Política. Em um contexto no qual as principais orquestras e teatros brasileiros estão ligados ao Estado, parece natural que arte e política se misturem. O maestro Ricardo Prado, no entanto, vê algumas sutilezas nessa relação e separa política de busca pelo poder. "Há várias razões para as crises, mas não tenho dúvida de que a principal delas seja a proximidade com a política. Usei essa palavra porque me parece ser a questão do poder o essencial nessas crises. Há uma porção de modelos de gestão artística funcionando no mundo há, pelo menos, décadas, nos quais o poder público participa decisivamente e onde as crises não são tão frequentes." O maestro Alex Klein segue na mesma linha. "Cria-se uma pirâmide de apoio interno nas administrações, onde a caída de um pode significar a caída de todos, e a segurança de todos esses empregos não se encontra na qualidade e sim na cumplicidade sobre padrões alheios à boa música. Qualquer pessoa que age de maneira unilateral deveria ser questionada", diz. E Prado completa: "Confiar que "gestores profissionais" são mais eficientes e que artistas são maus administradores é um mito daninho, com uma larga história de escândalos pelo Brasil afora".

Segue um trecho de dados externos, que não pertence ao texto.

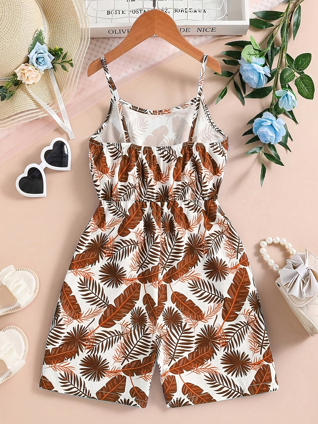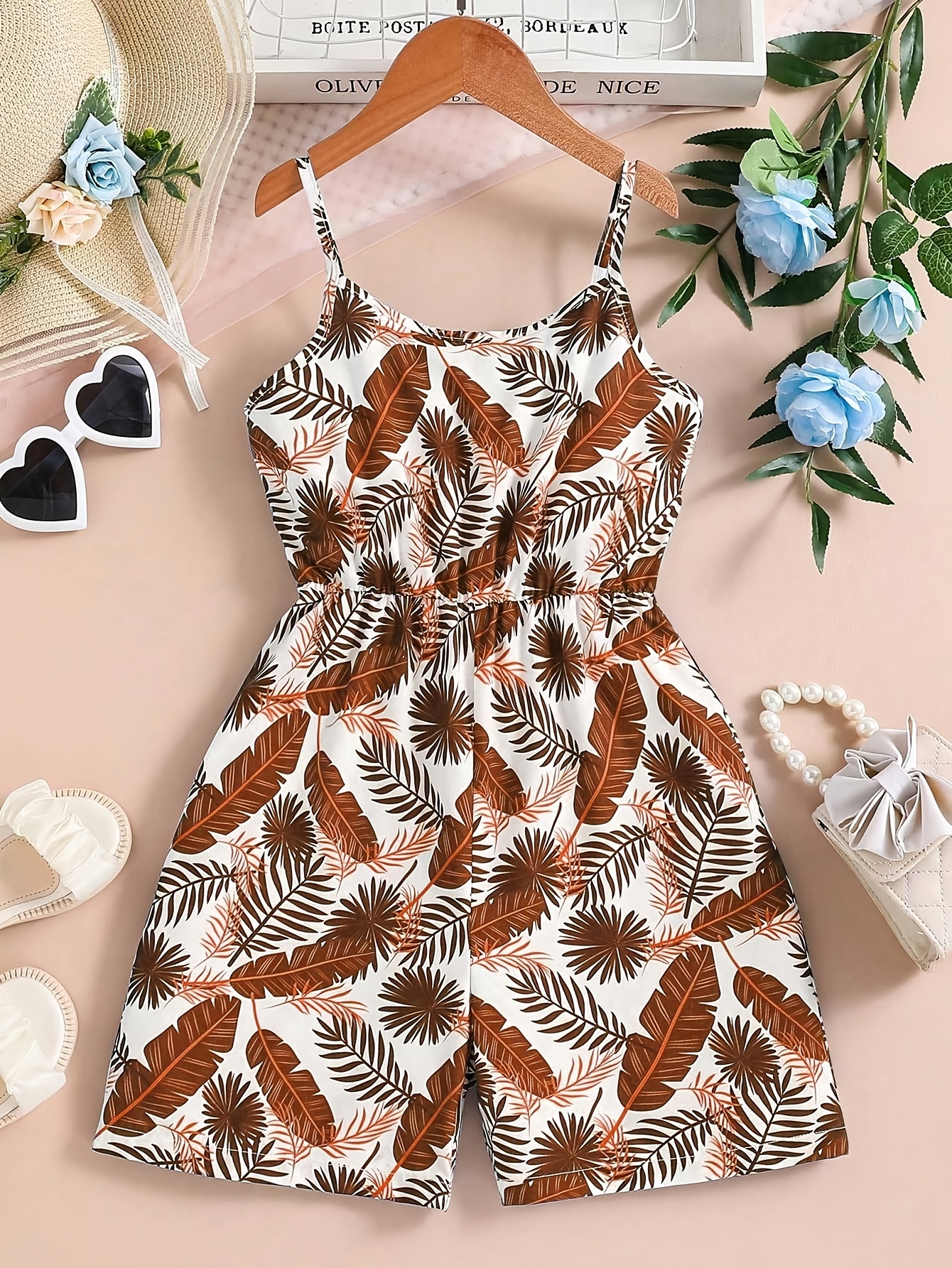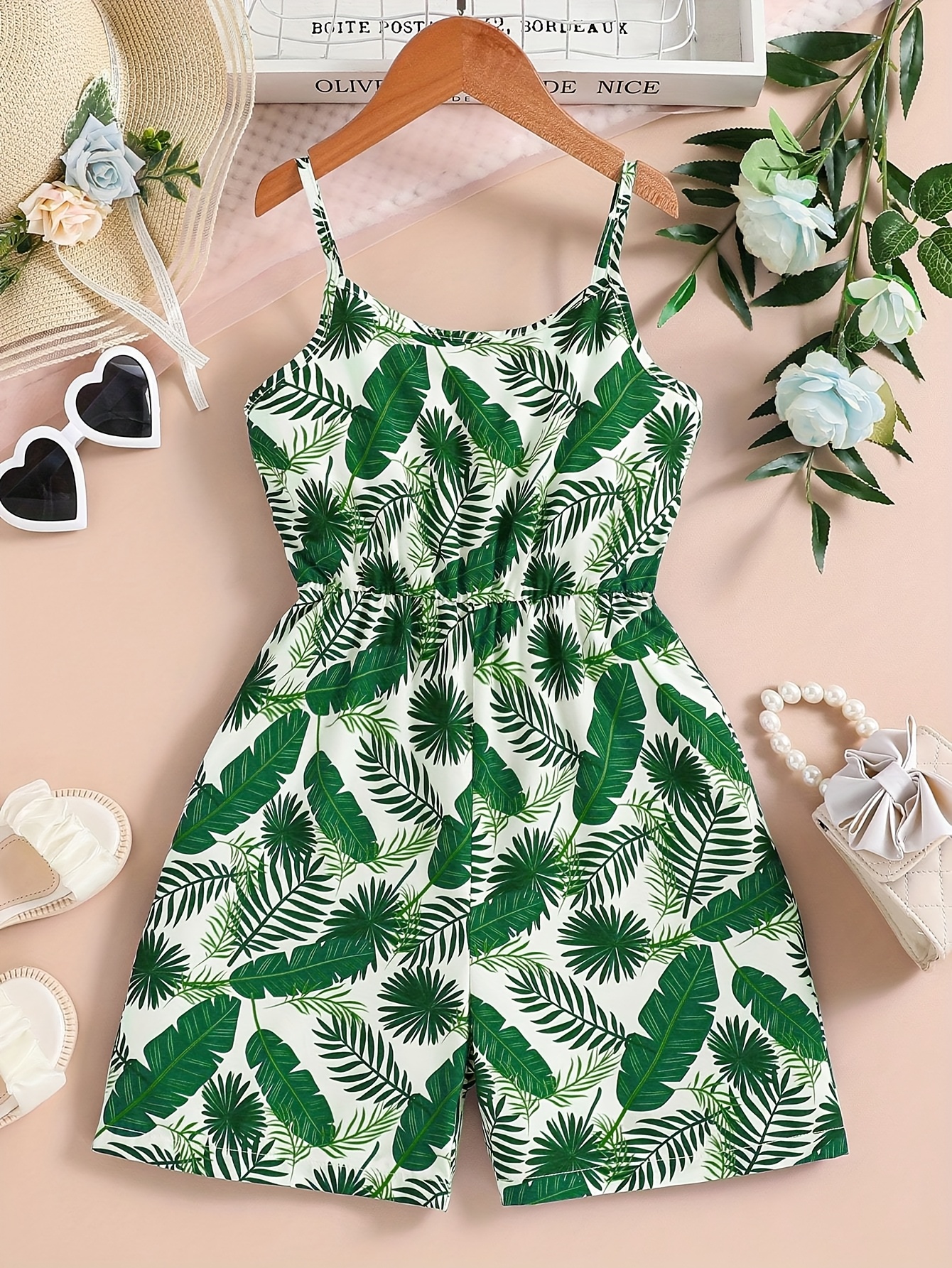 Combinaison sans manches à imprimé tropical pour filles
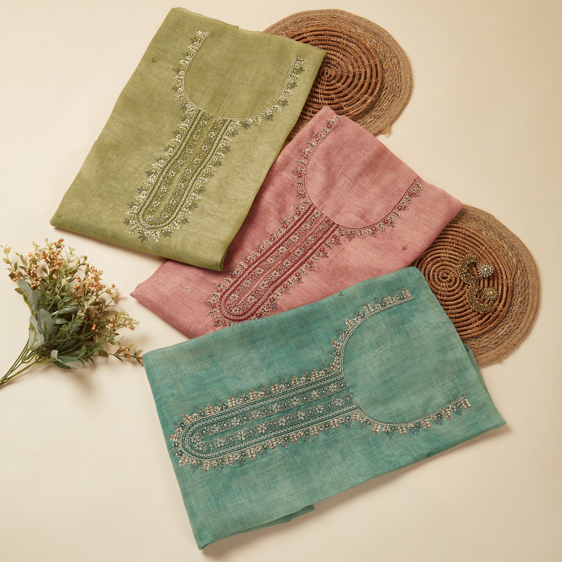 Elevate your look by pairing these Unstitched Suit Set with statement earrings and elegant gold jewelry for a graceful and fashionable appearance. An ethnic outfit goes best with a bindi and gorgeous hair accessories too. Pair it up with flats or heels whichever comforts you and you’re good to go.
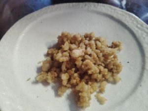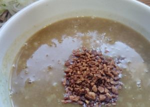 もしくは、厨房側のカウンターに「ラード作った後の残りカス」っていうのがボールに入れてセルフで取れるようになってますので、それを小皿に分けて取ってくればいいです。
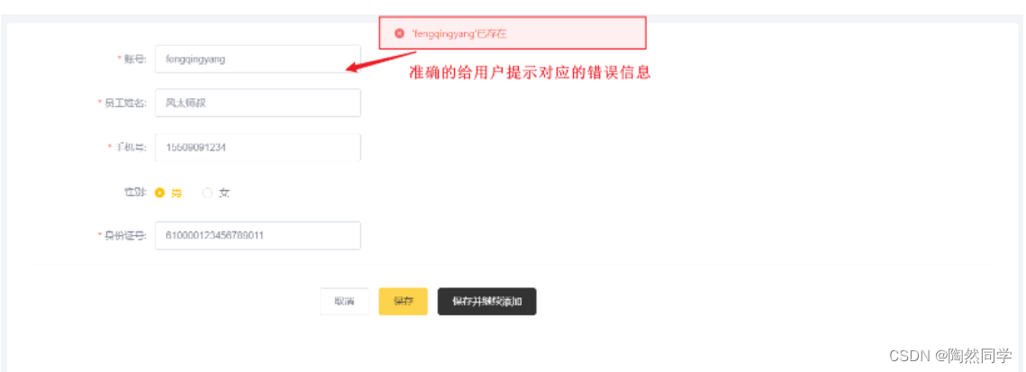 当我们在测试中,添加用户时, 输入了一个已存在的用户名时,前端界面出现错误提示信息:
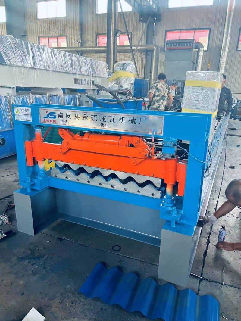 金碩壓瓦機械廠 主要生產彩鋼壓瓦機,復合板生產線,C型鋼檁條機,剪板機,折彎機,拱型壓瓦機等產品.我公司不但生產設備齊全,技術力量雄厚,檢測手段完善,而且有設計人員十幾名,可以按用戶的要求,生產出所需要的產品。我廠設計制造各種壓瓦機設備,因結構合理、操作方便、生產效率高而受到一致好評。我們在傳統壓瓦機的基礎上,又新推出電腦全自動壓瓦機生產線、屋面板、墻面板成型機系列、琉璃瓦成型機系列、樓承板成型機系列、高速護欄設備、雙層彩鋼瓦成型機系列、C、Z型鋼機系列、拱形設備系列,異型壓瓦機系列,應對不斷變化的市場需求和科技的不斷發展,我們要再接再勵,力求企業站在同行業的前列。我公司堅持“以誠相待,互惠互利”的服務宗旨,用過硬的產品質量,完善的售后服務,為客戶提供設備。公司擁有完善的售后服務網絡,能對您的售后提供全力支持,幫助您得到設備,確保您在設備使用過程中及時地解決遇到的一切問題,并得到我們周到的服務。
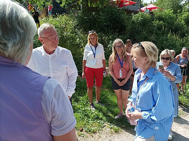 Evu Pavlovou doprovodil na Kleti majitel tamní rozhledny a jihočeský senátor Ladislav Faktor. (18. července 2023)

Para Jesuína Noronha Passaroto, presidente da associação que representa os músicos do Teatro Municipal do Rio, as relações entre músicos e gestores precisa mudar. "Já não estamos falando só da questão da Sinfônica Brasileira, é a situação de toda uma classe artística que está em jogo. Não podemos mais ser tratados como a parte menos importante do processo, é preciso diálogo." Luzer David, representante dos músicos da OSB, concorda. "Se tivéssemos sido chamados para dialogar desde o início, hoje não estaríamos em meio a essa crise."

Há quem defenda o rompimento com as práticas estatais como único caminho para o futuro das orquestras, que deveriam buscar nova relação, mais dinâmica, com o Estado. "É uma dor de crescimento no nosso cenário musical. Vimos o mesmo acontecer na indústria há 15 anos, quando o governo FHC fez uma série de privatizações", diz Klein. "Este é um período de transição."

John Neschling, maestro responsável pela nova Osesp, faz algumas ressalvas. "Citar grandes empresas e comparar suas políticas administrativas à gestão de uma orquestra sinfônica é típico de quem nunca fez nada no campo da gestão artística. Uma orquestra não produz suco de laranja ou petróleo e seus músicos não devem ser encarados como burocratas ou fornecedores. Uma orquestra não dá lucro. Seus ganhos são mensurados por critérios muitos diferentes." Fábio Mecchetti, diretor da Filarmônica de Minas Gerais, enxerga um modelo misto como solução. "Não vejo futuro no modelo totalmente independente do Estado, pois ele está levando a uma estagnação da criatividade artística, conduzindo a diretriz artística de suas organizações rumo à apreciação de grifes em vez de valores."

RITMO NERVOSO

Agosto de 2001

Representantes dos músicos da Orquestra Sinfônica do Estado de São Paulo são demitidos por John Neschling após defender colega que se desentendeu com o maestro Roberto Minczuk durante ensaio na Sala São Paulo.

Dezembro de 2004

Músicos da Sinfônica Municipal de São Paulo interrompem ensaio e ameaçam não se apresentar caso a direção do Teatro

Municipal não lhes dê uma previsão de data para pagamento de salários atrasados.

Abril de 2008

Integrantes da Orquestra Sinfônica Brasileira paralisam atividades na abertura da temporada, alegando falta de diálogo entre os músicos da orquestra e a direção artística, já ocupada pelo maestro Roberto Minczuk.

Junho de 2009

A orquestra do Teatro Municipal do Rio de Janeiro promove manifestações pedindo maior presença do regente titular e questionando os planos da presidência da fundação de, segundo eles, "privatizar o teatro".

Agosto de 2010

Músicos da Sinfônica Municipal de São Paulo pedem a saída do maestro Rodrigo de Carvalho e maior atenção, por parte da Secretaria de Cultura, à temporada do grupo, "esvaziada" durante a reforma do Teatro Municipal.

Fevereiro de 2011

Em assembleia, 56 músicos da Sinfônica Brasileia optam pela não participação nas provas de avaliação propostas pela Fundação, medida, segundo os artistas, que pretendia humilhar músicos e promover demissão em massa.